SOURCE RECORDS
------------------------------------------------

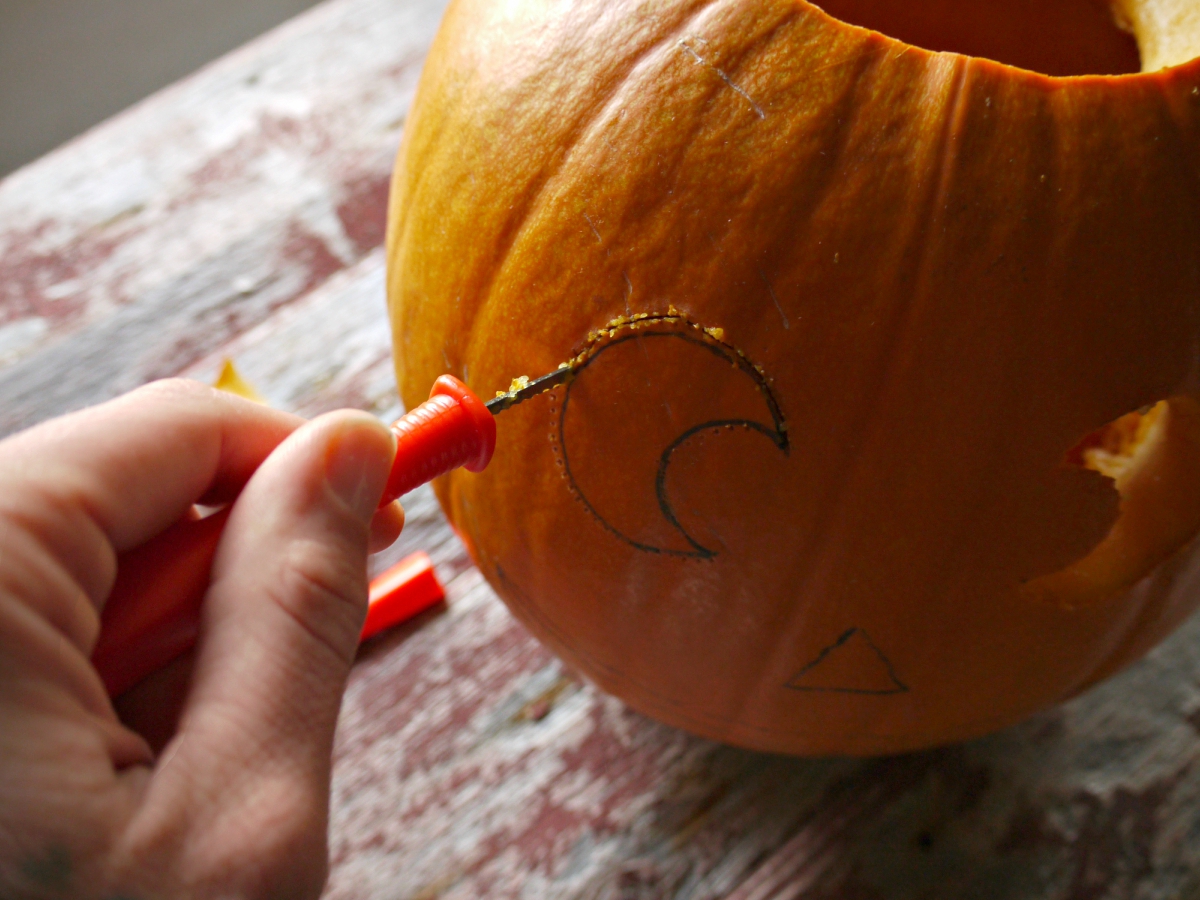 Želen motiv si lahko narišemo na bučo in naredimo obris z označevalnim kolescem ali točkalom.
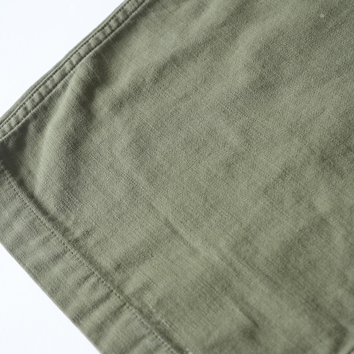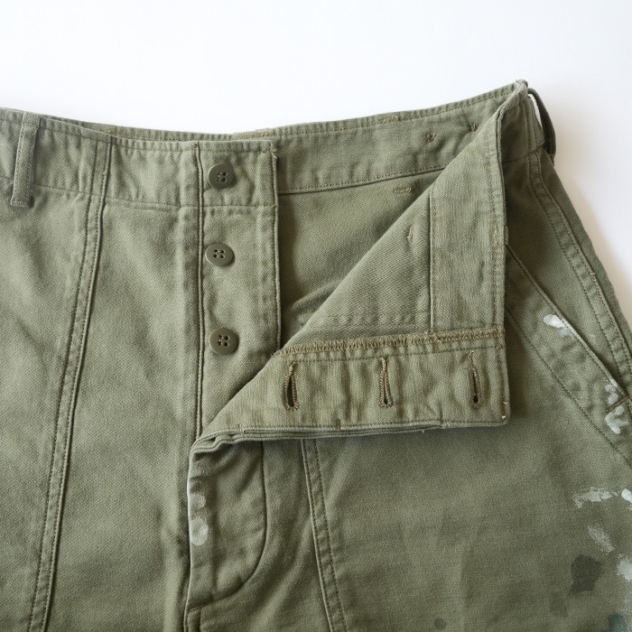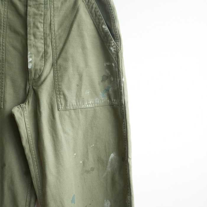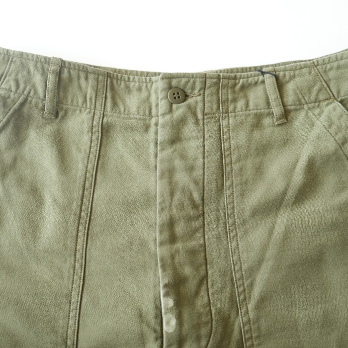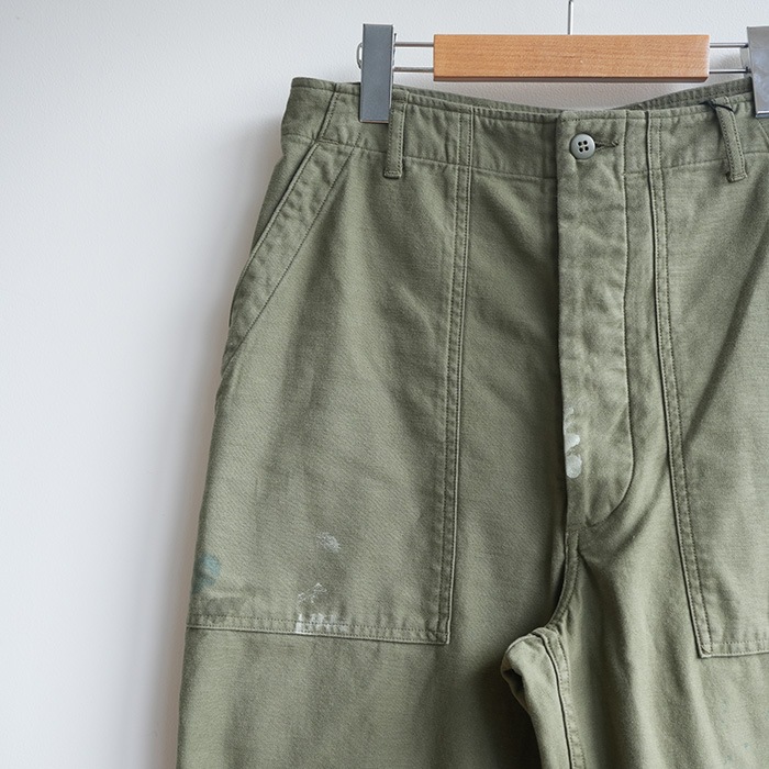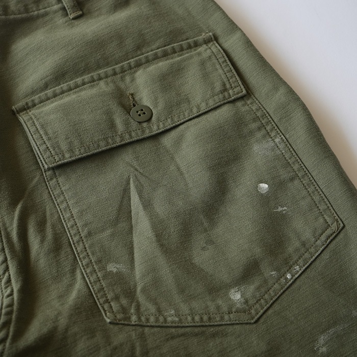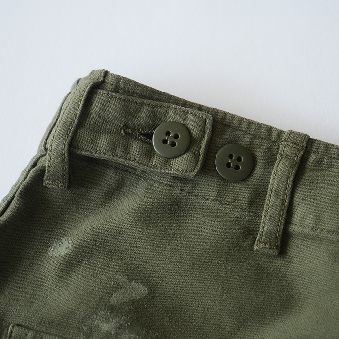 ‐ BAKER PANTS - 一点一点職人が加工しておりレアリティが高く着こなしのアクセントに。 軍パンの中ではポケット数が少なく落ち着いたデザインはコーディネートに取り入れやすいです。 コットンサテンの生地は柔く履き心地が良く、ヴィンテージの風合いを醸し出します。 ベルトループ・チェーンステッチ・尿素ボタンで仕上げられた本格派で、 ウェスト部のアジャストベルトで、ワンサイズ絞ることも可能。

------------------------------------------------

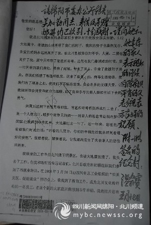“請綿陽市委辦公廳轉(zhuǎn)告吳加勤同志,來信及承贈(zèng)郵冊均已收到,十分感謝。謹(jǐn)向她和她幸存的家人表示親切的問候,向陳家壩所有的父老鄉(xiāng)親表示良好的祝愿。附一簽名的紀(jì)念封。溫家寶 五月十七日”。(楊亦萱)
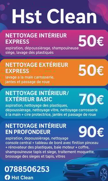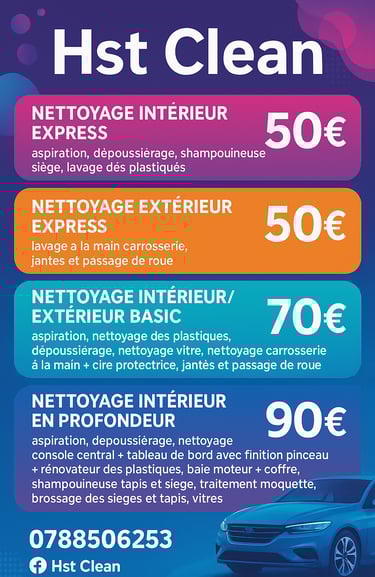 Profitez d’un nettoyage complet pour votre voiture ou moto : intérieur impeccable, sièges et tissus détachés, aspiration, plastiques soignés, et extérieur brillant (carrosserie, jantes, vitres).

------------------------------------------------

Look through the material above. Transcribe exactly the lines between the ones with "Želen motiv si" and "PANTS - 一点一点職人が加工しておりレアリティが高く着こなしのアクセントに。", inclusive, and keep pictures out.

 Želen motiv si lahko narišemo na bučo in naredimo obris z označevalnim kolescem ali točkalom.
 ‐ BAKER PANTS - 一点一点職人が加工しておりレアリティが高く着こなしのアクセントに。 軍パンの中ではポケット数が少なく落ち着いたデザインはコーディネートに取り入れやすいです。 コットンサテンの生地は柔く履き心地が良く、ヴィンテージの風合いを醸し出します。 ベルトループ・チェーンステッチ・尿素ボタンで仕上げられた本格派で、 ウェスト部のアジャストベルトで、ワンサイズ絞ることも可能。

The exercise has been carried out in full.